» **WHAT TO WORK ON**: Each record must be returned exactly, apart from the pictures, which stay out.

» **SOURCE DATA**:
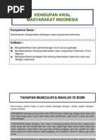 Perkembangan kehidupan masyarakat berburu hingga munculnya masyarakat pertanian di indonesia. Mendeskripsikan berbagai fosil manusia purba di indonesia mengklasifikasi jenis manusia purba di indonesia. Kehidupan masyarakat pada masa berburu dan mengumpulkan makanan masih sangat sederhana. Menganalisis kehidupan awal masyarakat indonesia. Masyarakat juga telah menciptakan dan mensepakati nilai dan norma yang telah mereka buat sebagai pedoman hidup yang dipimpin oleh kepala suku.
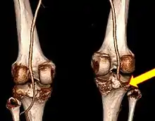 About half of cases are the result of major trauma and about half occur as a result of minor trauma.[3] In about half of cases the joint reduces itself before a person arrives at the hospital.[3] Typically there is a break of the anterior cruciate ligament, posterior cruciate ligament, and either the medial collateral ligament or lateral collateral ligament.[3] If the ankle–brachial pressure index is less than 0.9, CT angiography is recommended to detect blood vessel injury.[3] Otherwise repeated physical exams may be sufficient.[2]
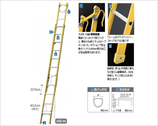 FRP製1連梯子で4.04mです。電気工事での必需品です。
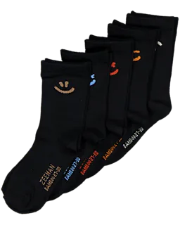 Ces chaussettes noires pour garçons et filles sont composées de 69 % de viscose de bambou, 29 % de polyester recyclé et 2 % d’élasthanne. Le tissu doux les rend confortables et elles conviennent pour tous les jours. Le détail de couleur discret à la cheville et sur le pied aide à distinguer facilement les chaussettes. Vous recevez un lot de 5 paires.
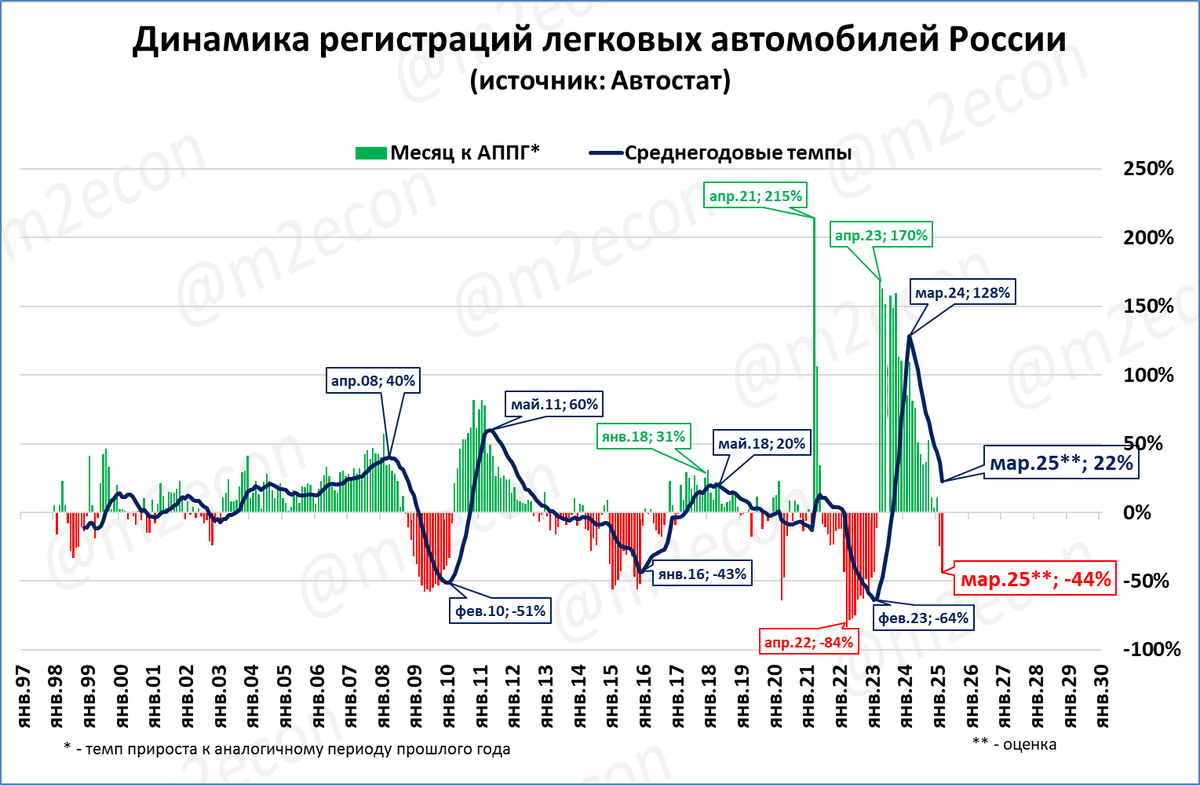 Падение по сравнению с февралём (-25%) ускоряется.
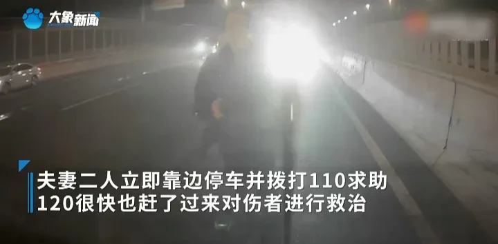 妻子将车停在路边,丈夫则拨打电话报警,两人快步跑到受伤的男女面前,查看两人的伤势。这时男的突然开口,“先救我女朋友。”
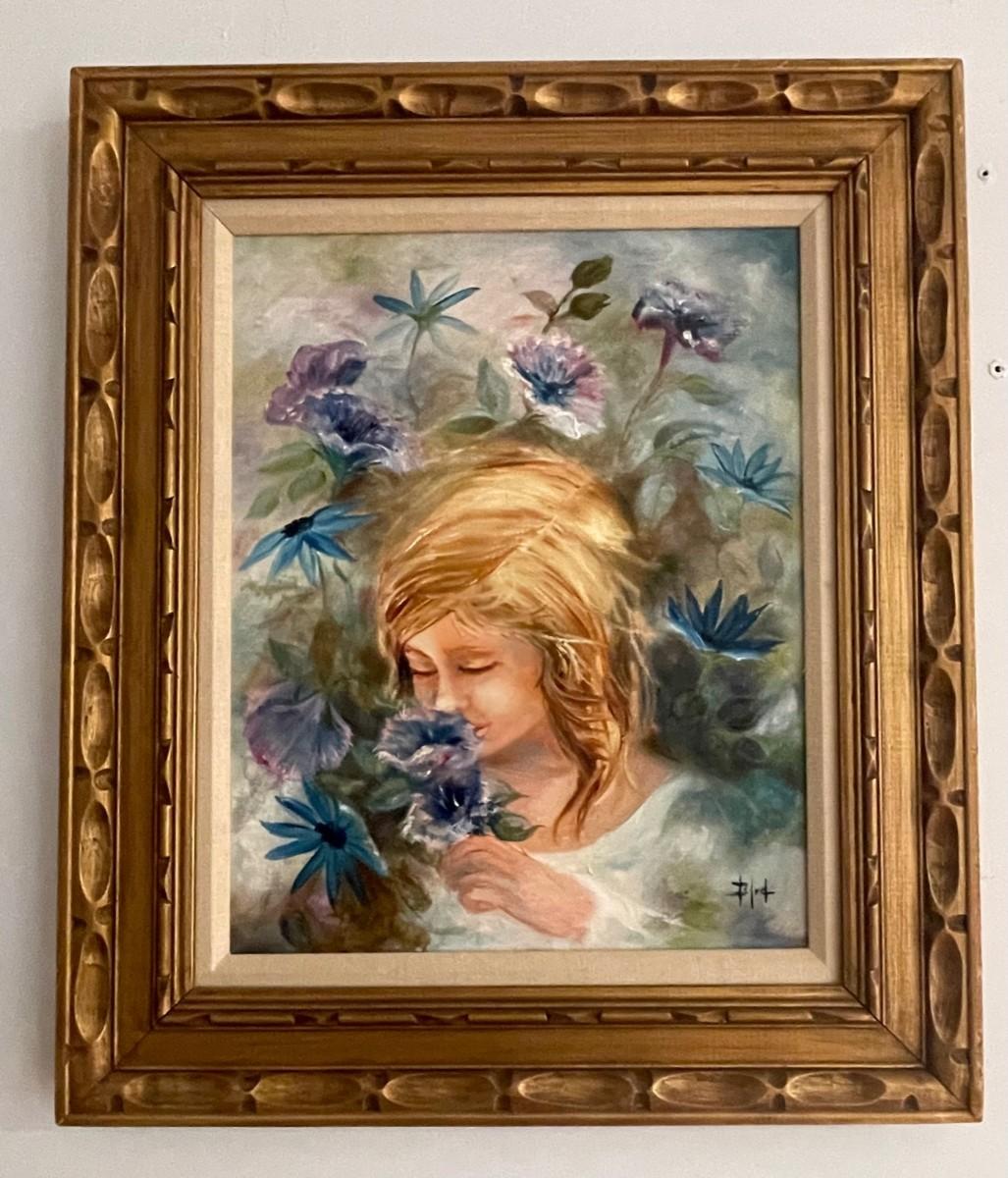 Description: Obscure Girl smelling flower Oil on Canvas; Framed Measurement: 28 x 24; Subject Measurement: 19.25 x 15.5
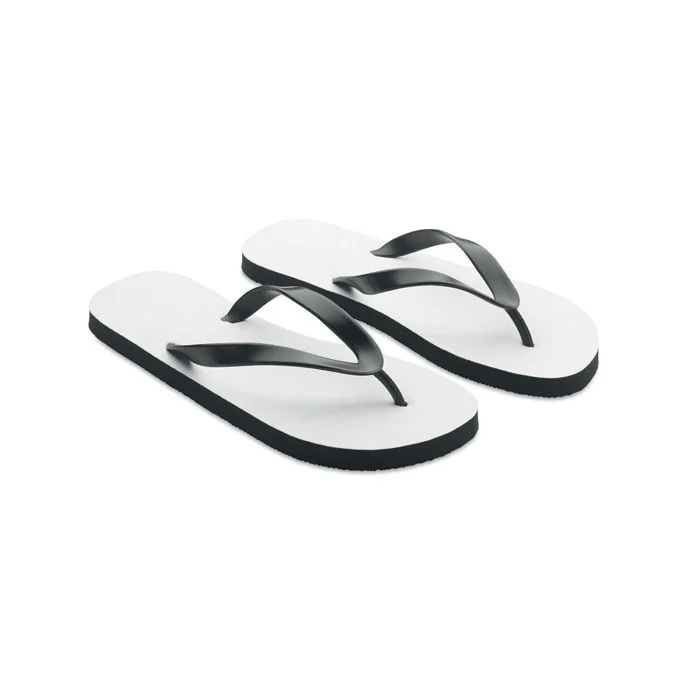 Tongs pour sublimation avec sangles en PVC. Semelle en caoutchouc et tissu en polyester sur le dessus. taille 44-46. L’article ne peut être commandé qu’en version imprimée.
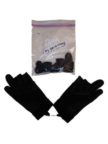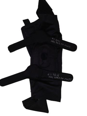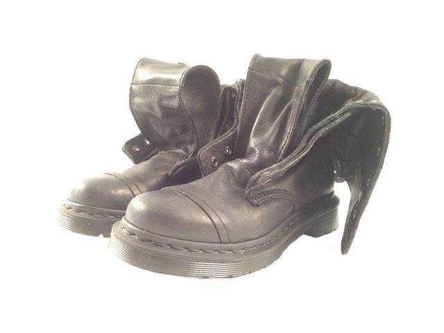 Rain (Michelle Rodriguez) "stunt #103" screen worn black pleather pants with riding strap on bottom (size 27W), black leggings and small black bullet proof vest (bullet holes on front & back) with real side buckles. Includes gloves with two tips cut off and extra tips. Seen on screen after she injects herself and the bullets come out through her fingertips. Also includes a pair of 'Dr. Martens' black lace up boots with grommets (distressed for filming, laces not included).
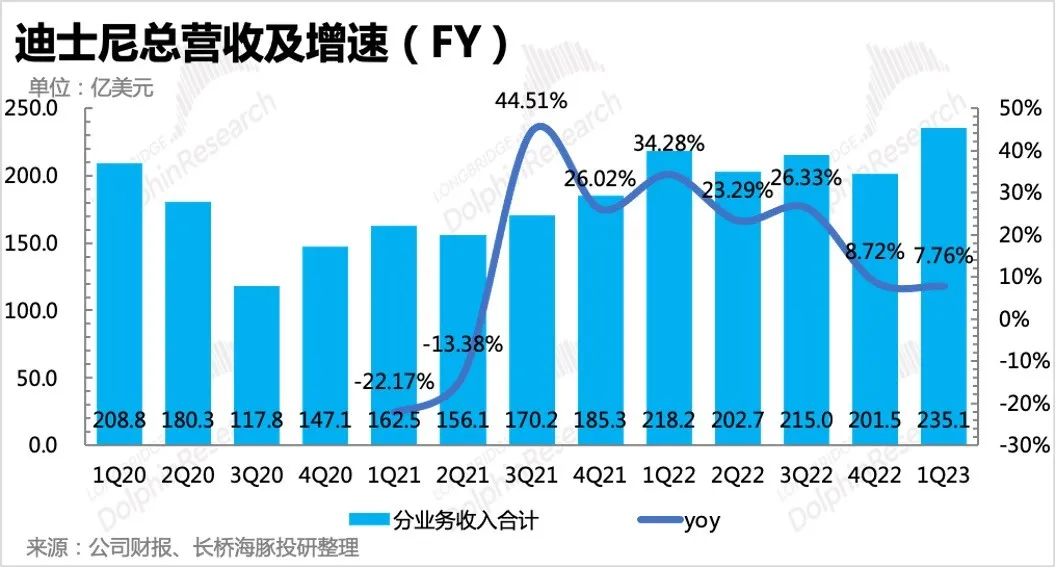 本季度迪士尼实现总营收235亿美元,同比增长7.8%。虽然增速环比来看未有改善,也在个位数水平,但更多的是源于同期高基数压力。
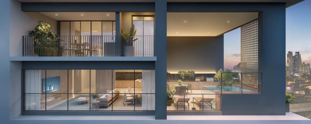 Projeto de uma torre traz unidades de 2 quartos e 3 suítes, de 71 a 129 m², e penthouses de 173 a 227 m², com pé-direito duplo nas varandas das penthouses, piscina privativa e ponto para churrasqueira a gás em todas as tipologias
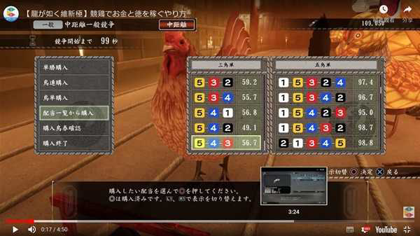一、先通关到第三章就能前往养鸡场进行赛鸡,到达店前时先实时存档,接下进去后将手上的钱都换成筹码
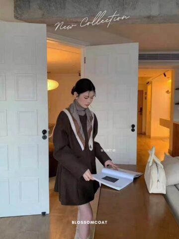 B1296 โค้ทสั้นทรงเดรส+ผ้าพันคอ
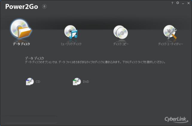 Power2Goでは、CD/DVDドライブのライティングツールで、データDVDの作成やディスクのコピー等を行うことができます。
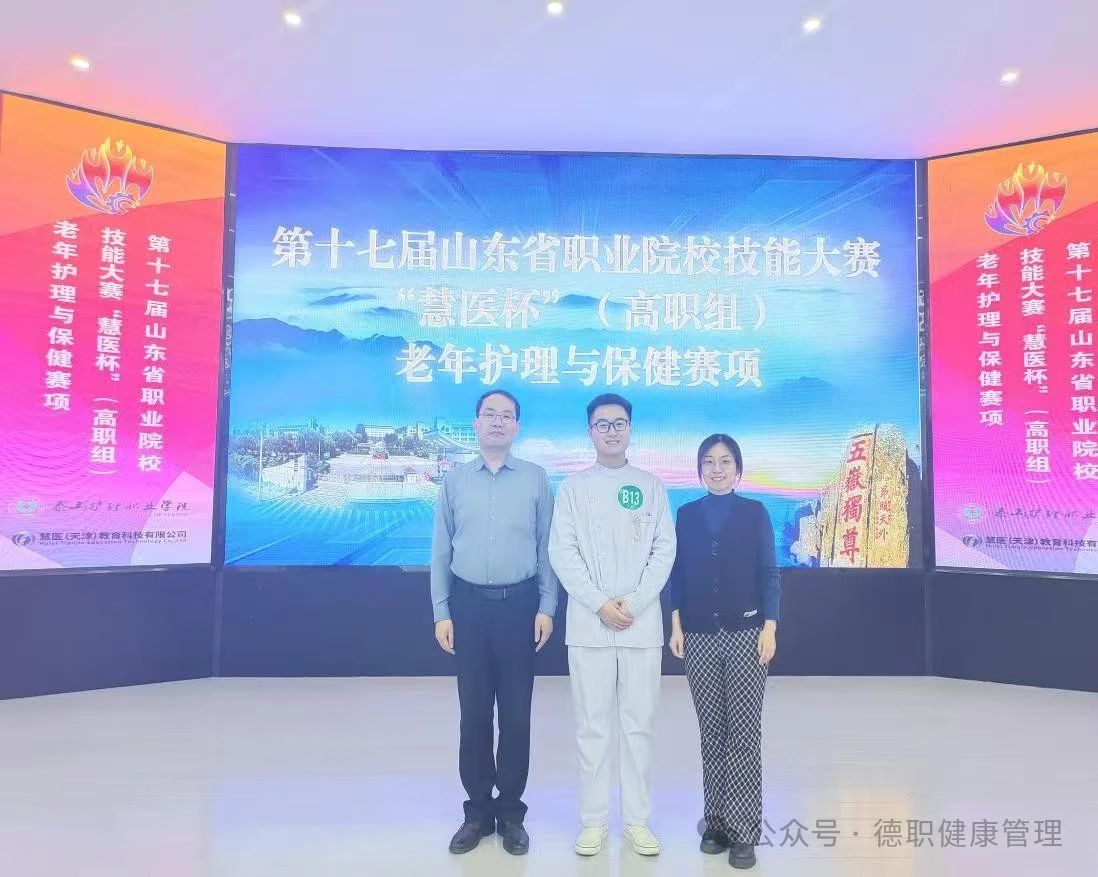 王英博院长带队参加在泰山护理职业学院举行的2024年全国职业院校技能大赛山东省“老年护理与保健”赛项,韩冰同学经过社区居家、医养机构2个模块8个任务10个小时的比拼,最终取得全省第6名,二等奖的好成绩,展示了beat365官网良好的养老服务专业水平和优质的师生精神风貌。
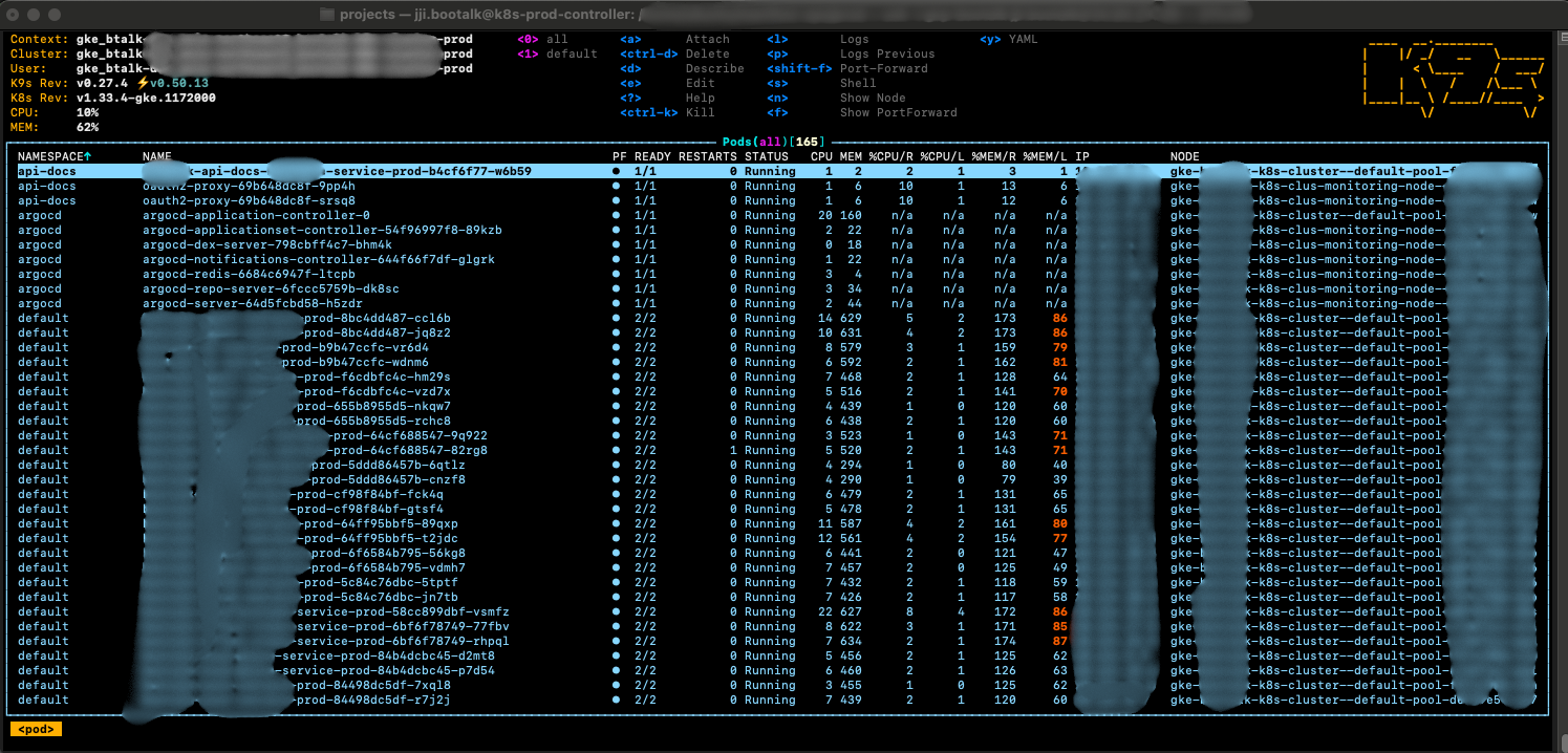 노드들에 잘 떠있는 파드들을 보고만 있어도 뿌듯해집니다.. 그 전에는 제 개인적으로 공부하고자 쿠버네티스 클러스터를 구성해본 적은 있지만 제 손으로 직접 회사 서비스를 운영 중에 무중단으로 쿠버네티스 환경으로 이관에 성공하고 구축했다는 게 엄청 큰 만족감을 주더라고요 😊
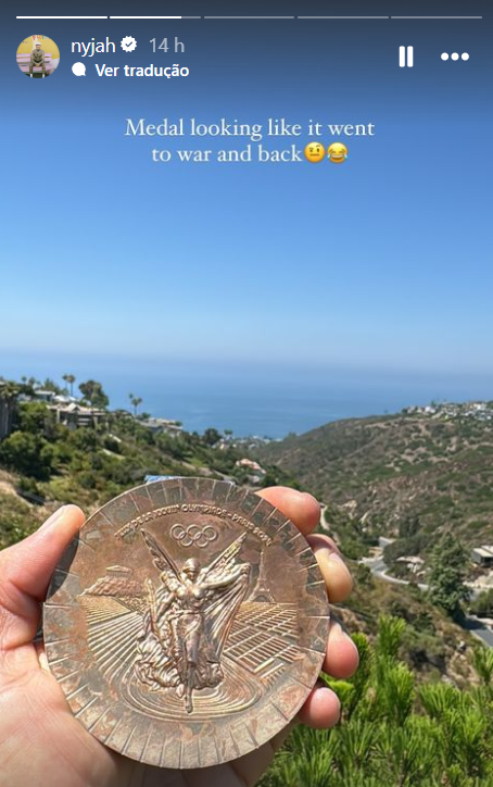 «Estas medalhas olímpicas são muito bonitas quando estão novas, mas depois de a ter deixado em contacto com a pele e de ter deixado alguns amigos usarem-na ao pescoço ao longo do fim de semana... Alta qualidade, achavam vocês. Olhem só para isto. Está gasta até na parte da frente. Não sei, se calhar é preciso melhorar um pouco a qualidade», disse o norte-americano, nas redes sociais, partilhando de seguida uma imagem com uma legenda: «A medalha parece que foi à guerra e voltou.»
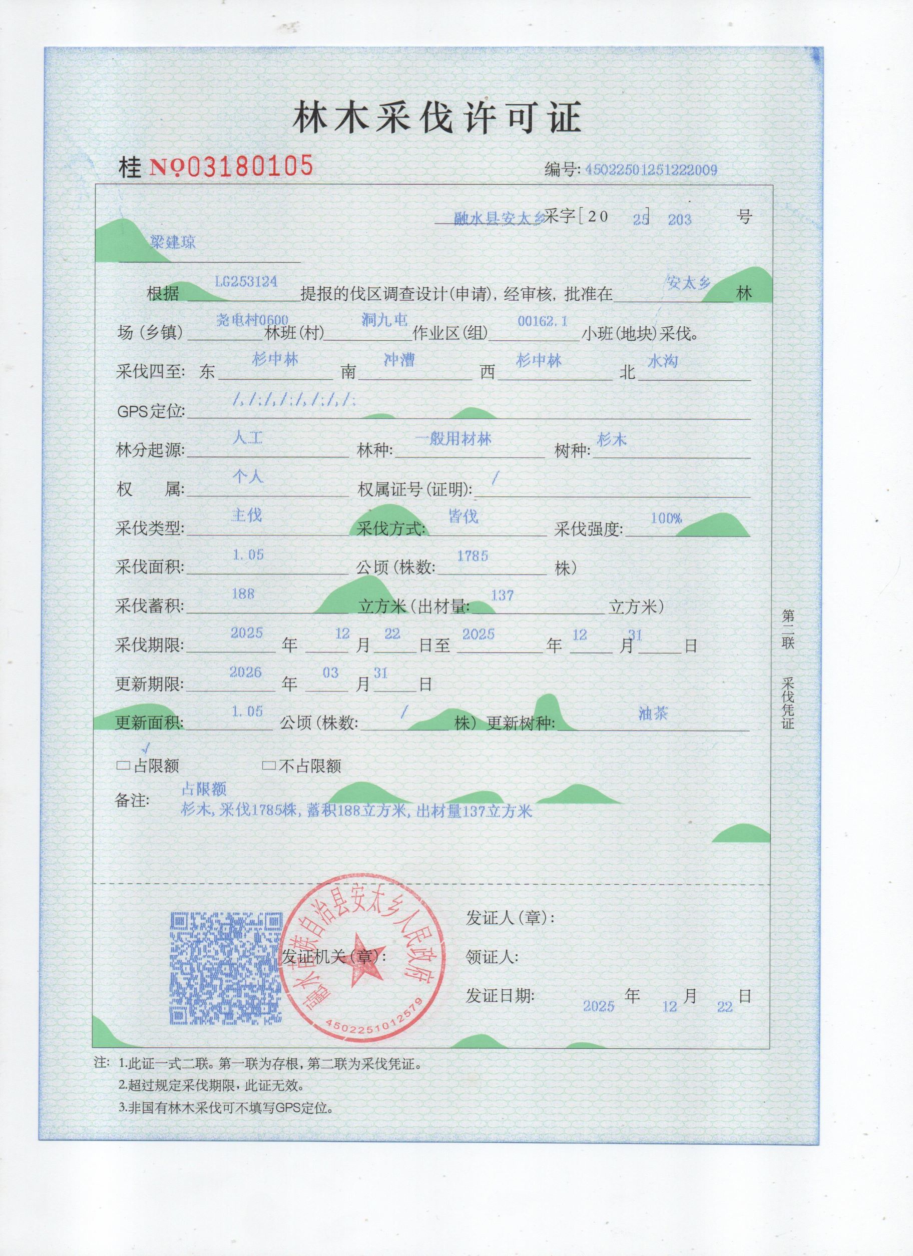 林木采伐许可证:梁建琼(桂NO.03180105)公示

» **SOLUTION FOR THIS PROBLEM**:
 Perkembangan kehidupan masyarakat berburu hingga munculnya masyarakat pertanian di indonesia. Mendeskripsikan berbagai fosil manusia purba di indonesia mengklasifikasi jenis manusia purba di indonesia. Kehidupan masyarakat pada masa berburu dan mengumpulkan makanan masih sangat sederhana. Menganalisis kehidupan awal masyarakat indonesia. Masyarakat juga telah menciptakan dan mensepakati nilai dan norma yang telah mereka buat sebagai pedoman hidup yang dipimpin oleh kepala suku.
 About half of cases are the result of major trauma and about half occur as a result of minor trauma.[3] In about half of cases the joint reduces itself before a person arrives at the hospital.[3] Typically there is a break of the anterior cruciate ligament, posterior cruciate ligament, and either the medial collateral ligament or lateral collateral ligament.[3] If the ankle–brachial pressure index is less than 0.9, CT angiography is recommended to detect blood vessel injury.[3] Otherwise repeated physical exams may be sufficient.[2]
 FRP製1連梯子で4.04mです。電気工事での必需品です。
 Ces chaussettes noires pour garçons et filles sont composées de 69 % de viscose de bambou, 29 % de polyester recyclé et 2 % d’élasthanne. Le tissu doux les rend confortables et elles conviennent pour tous les jours. Le détail de couleur discret à la cheville et sur le pied aide à distinguer facilement les chaussettes. Vous recevez un lot de 5 paires.
 Падение по сравнению с февралём (-25%) ускоряется.
 妻子将车停在路边,丈夫则拨打电话报警,两人快步跑到受伤的男女面前,查看两人的伤势。这时男的突然开口,“先救我女朋友。”
 Description: Obscure Girl smelling flower Oil on Canvas; Framed Measurement: 28 x 24; Subject Measurement: 19.25 x 15.5
 Tongs pour sublimation avec sangles en PVC. Semelle en caoutchouc et tissu en polyester sur le dessus. taille 44-46. L’article ne peut être commandé qu’en version imprimée.
 Rain (Michelle Rodriguez) "stunt #103" screen worn black pleather pants with riding strap on bottom (size 27W), black leggings and small black bullet proof vest (bullet holes on front & back) with real side buckles. Includes gloves with two tips cut off and extra tips. Seen on screen after she injects herself and the bullets come out through her fingertips. Also includes a pair of 'Dr. Martens' black lace up boots with grommets (distressed for filming, laces not included).
 本季度迪士尼实现总营收235亿美元,同比增长7.8%。虽然增速环比来看未有改善,也在个位数水平,但更多的是源于同期高基数压力。
 Projeto de uma torre traz unidades de 2 quartos e 3 suítes, de 71 a 129 m², e penthouses de 173 a 227 m², com pé-direito duplo nas varandas das penthouses, piscina privativa e ponto para churrasqueira a gás em todas as tipologias
一、先通关到第三章就能前往养鸡场进行赛鸡,到达店前时先实时存档,接下进去后将手上的钱都换成筹码
 B1296 โค้ทสั้นทรงเดรส+ผ้าพันคอ
 Power2Goでは、CD/DVDドライブのライティングツールで、データDVDの作成やディスクのコピー等を行うことができます。
 王英博院长带队参加在泰山护理职业学院举行的2024年全国职业院校技能大赛山东省“老年护理与保健”赛项,韩冰同学经过社区居家、医养机构2个模块8个任务10个小时的比拼,最终取得全省第6名,二等奖的好成绩,展示了beat365官网良好的养老服务专业水平和优质的师生精神风貌。
 노드들에 잘 떠있는 파드들을 보고만 있어도 뿌듯해집니다.. 그 전에는 제 개인적으로 공부하고자 쿠버네티스 클러스터를 구성해본 적은 있지만 제 손으로 직접 회사 서비스를 운영 중에 무중단으로 쿠버네티스 환경으로 이관에 성공하고 구축했다는 게 엄청 큰 만족감을 주더라고요 😊
 «Estas medalhas olímpicas são muito bonitas quando estão novas, mas depois de a ter deixado em contacto com a pele e de ter deixado alguns amigos usarem-na ao pescoço ao longo do fim de semana... Alta qualidade, achavam vocês. Olhem só para isto. Está gasta até na parte da frente. Não sei, se calhar é preciso melhorar um pouco a qualidade», disse o norte-americano, nas redes sociais, partilhando de seguida uma imagem com uma legenda: «A medalha parece que foi à guerra e voltou.»
 林木采伐许可证:梁建琼(桂NO.03180105)公示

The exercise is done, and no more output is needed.